Ese trayecto coherente ha sido presidido por un cierto hermetismo poético, algo propio de un pintor aficionado a la entropía que cree pintar con delectación para sí mismo[11]y que ha permitido unir un medido empleo de las formas con la presencia de un cierto gesto pictórico, -“sensualidad de la pincelada”, en palabras del artista[12]– habiendo sido capaz, también, de viajar desde un colorido exuberante (recuerdo aún su exposición de Vandrés en 1980), hacia su aparente negación en negros o grises, estos últimos profundísimos.  Ese hermetismo en lo pictórico no le ha impedido referir su creación, en la que siempre parecía subyacer la afasia defendida por Braque para explicar la obra de arte, lo cual no ha obstado para proclamar la existencia de una belleza ética[13], capaz de extender así una cierta eficacia de los signos.   Expresividad que no niega pues la contención desde la autoexigencia y la disciplina en el pintar, elección de un camino de concentrada expansión, reflexión que no esquiva la lírica; atmosférico pero revelado en el detalle[14]; viajero desde el gran formato hacia la obra que se muestra en voz baja; de la reflexión en torno a qué cosa sea lo profundo y la piel que se halla en la superficie; el orden y su opuesto… preguntas reiteradas con delectación por este artista sobre lo que destella en claro y lo profundo oscuro.   Viajero en pos de la totalidad, aun a sabiendas del consabido fracaso que supone concebir una imagen, pensante, mas elevando notas en su pintura que tocan lo irracional, mundo de ideas mas que esquiva lo narrativo, su pintura se ha desarrollado al modo de un numinoso drama pues su lirismo ha tenido siempre algo de malinconia, de reserva.   “Los límites de la razón” (1991), reza uno de los títulos de su pintura, evocador quizás aquella tendencia a la “huida”, que preclaro adivinara Aguirre en los sesenta, y su pintar no ha sido solamente canto sino que pareciere llevado hasta el extremo de los días.  Pues, al cabo, en su frecuente viaje entre el aparecer y el desaparecer, idas y venidas en torno a la creación, emula la reflexión sobre el qué hacemos y cuándo no estaremos y no son pocas las voces críticas que consideran que Teixidor no ha hecho otra cosa que referir con la belleza, tan gastada en su palabra, el fin de los días.

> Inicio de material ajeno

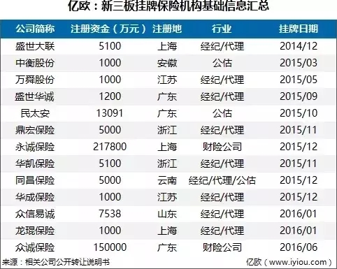 13家新三板挂牌保险机构全梳理(没错,国内只有13家)。同时借助本文为拟挂牌新三板的保险行业公司提供参考价值;文章中的财务数据主要是方便研究者透过数据看到公司背后的故事,抛砖引玉……我国保险业的总资产从2009年的4万亿,到2015年的12万亿,6年间增长了2倍。保费收入从2009年的1万亿到2015年的2万亿,翻了一番。尤其是2015年以来,随着Fintech的兴起,人工智能、大数据等这些互联网技术的运用,极大推动了我国保险事业的发展。尽管这些互联网技术的运用,使得保险产品的营销渠道延伸到线上,给传统保险中介机构带来不小挑战。但是不可否认,截止2013年底,我国保险专业机构数量达到2525家,代理机构1767家,公估机构320家。这一数字依然庞大。其实,保险业是一个特殊的精细分工的行业。在发达国家,保险公司主要从事产品开发、核保核赔等核心业务;保险经纪公司或代理公司负责产品的销售、售后服务;保险公估公司承包理赔的估损及理算。这也从目前新三板挂牌中保险中介机构数量独占鳌头可见一斑。据亿欧查询全国中小公司股份转让系统,数据显示,目前国内在新三板挂牌的从事保险业务的公司有13家。其中保险公司2家,其余11家为保险中介公司。亿欧对每家公司的基本情况作了系统梳理,并进行了归纳分类,希望能对从业者提供参考指导意义。2、基础层11家:万舜股份、盛世华诚、民太安、鼎宏保险、永诚保险、华凯保险、同昌保险、华成保险、众信易诚、龙琨保险、众诚保险。2、协议转让10家:万舜股份、盛世华诚、鼎宏保险、永诚保险、华凯保险、同昌保险、华成保险、众信易诚、龙琨保险、众诚保险。1、经纪/代理业务9家:盛世大联、万舜股份、盛世华诚、鼎宏保险、华凯保险、同昌保险、华成保险、众信易诚、龙琨保险;1、有交易4家:盛世大联、中衡股份、民太安、众诚保险;基础信息:盛世大联成立于2007年12月,初始注册资金50万元,注册地上海,公司于2014年4月股份制改造完成。成立起初只能在上海进行保险产品的代理销售,2015年取得全国经营资质。主营业务简介:专注于汽车后市场服务,从事保险产品代理销售,公司的主要产品是车险代理服务,收入占主要业务收入98%以上。公司依托呼叫中心、互联网和移动互联网平台代销车险产品。开通了“车管家服务”,依托自建供应商平台,为机动车车主提供涵盖汽车全程代办、现场救援、汽车清洗、美容、检测、酒后代驾、机场专车接送等一系列服务项目,客户主要面向银行、保险等金融企业。互联网+创新概况:公司主要产品以电销为主,互联网PC端销售平台可以帮助用户完成初步询价,不过网站页面设计缺乏人性化,用户体验差;移动端,公司开发出“盛大车险”APP,改变了车管家服务业务的销售模式,向着O2O销售模式转型,初步形成完整汽车后市场闭环服务体系。基础信息:中衡股份成立于2008年4月,初始注册资金200万元,注册地安徽,公司于2014年10月股份制改造完成。在全国从事保险标的出险后的查勘、检验和估损理算等保险中介服务。是国内首家在新三板挂牌的保险公估公司。主营业务简介:公司从事保险标的出险后的查勘、检验和估损理算等保险中介服务。特色:公司下设4个子公司(中平评估、东衡代理、中衡咨询、中联鉴定),可以为客户提供保险公估、价格评估、司法鉴定、保险代理、咨询等多个服务类型,可以为保险公司、司法部门、个人提供全方位的保险理赔等服务。互联网+创新概况:公司设立专门的电子商务部,通过网站、微信、微博对外宣传,通过线上线下结合的模式,着力打造“互联网+保险公估”的经营模式。据公司董事长杜佐岭表示,电子商务已经成为服务客户的核心平台,同时研发“易赔”APP,解决客户理赔难的问题。基础信息:盛世大联成立于2007年12月,初始注册资金50万元,注册地上海,公司于2014年4月股份制改造完成。成立起初只能在上海进行保险产品的代理销售,2015年取得全国经营资质。主营业务简介:公司从事保险标的出险后的查勘、检验和估损理算等保险中介服务。特色:公司下设4个子公司(中平评估、东衡代理、中衡咨询、中联鉴定),可以为客户提供保险公估、价格评估、司法鉴定、保险代理、咨询等多个服务类型,可以为保险公司、司法部门、个人提供全方位的保险理赔等服务。互联网+创新概况:公司设立专门的电子商务部,通过网站、微信、微博对外宣传,通过线上线下结合的模式,着力打造“互联网+保险公估”的经营模式。据公司董事长杜佐岭表示,电子商务已经成为服务客户的核心平台,同时研发“易赔”APP,解决客户理赔难的问题。基础信息:万舜股份成立于2006年3月,初始注册资金50万元,注册地江苏,公司于2015年1月股份制改造完成。初始在江苏从事保险产品的代理销售,2016年8月获得全国经营资质。主营业务简介:专注于汽车后市场服务,从事保险产品代理销售,公司的主要产品是车险代理服务,收入占主要业务收入98%以上。公司依托呼叫中心、互联网和移动互联网平台代销车险产品。开通了“车管家服务”,依托自建供应商平台,为机动车车主提供涵盖汽车全程代办、现场救援、汽车清洗、美容、检测、酒后代驾、机场专车接送等一系列服务项目,客户主要面向银行、保险等金融企业。互联网+创新概况:公司主要产品以电销为主,互联网PC端销售平台

He referido a veces un texto de Rothko, otro de los artistas referidos como admirado por Teixidor, y creo que esta reflexión podría servir a éste: “Cuando era joven el arte era una práctica solitaria: no había galerías,  ni coleccionistas, ni críticos, ni dinero.  Sin embargo, era una edad de oro, pues no teníamos nada que perder y sí toda una visión que ganar.  Hoy ya no es lo mismo.  Es una época de inmensa abundancia de actividad y de consumo.  No me atrevo a aventurar cuál de las dos circunstancias sea mejor para el arte.  Sin embargo, sí sé que muchos de los que se ven impelidos a este modo de vida buscan desesperadamente bolsas de silencio en que arraigar y crecer.  Todos esperamos que las encuentren”[15].     Es, al cabo, en palabras del artista valenciano, la ya citada elección de un camino[16], senda pictórica de elevación de enigmáticos espacios en los que parece reinar la mudez, pintar silencioso que se revela también en una cierta negación titular de muchas de sus obras, en especial recientes.  Entrada en el silencio[17], introspección y despojamiento que eleva los signos y en donde la música titular parece propender a una cierta amplificación de ese silencio.   Un silencio que, empero, no es exactamente la nada sino, más bien, un energético callar, un único lugar[18]  lleno de preguntas, una tensión de aire utópico pues es frecuente  en su pintura la eterna pregunta sobre la forma y la informa, como sucede en pinturas tal “El sacrificio” (2007), inquiriendo entre lo que se construye e, inevitablemente al hacerse, plantea su deconstrucción[19].

Tras lo escrito, se inferirá que el quehacer de Jordi Teixidor se ha caracterizado por una honda preocupación por el lenguaje de los signos.    Pues se observará que jamás ha ocultado este creador que su intención ha sido revelar una cierta epifanía de lo pintado, arden las imágenes, entendidos aquellos como un ardiente fuego que es capaz de consumirlos, mas también de iluminarlos.  Sed de iluminación kandinskyana, formas y signos que revelan su descarnada malinconia, y su abismo, pareciere también nostalgia que aspira a traspasarlas, a sublimar o trascender el reino de las formas sensibles.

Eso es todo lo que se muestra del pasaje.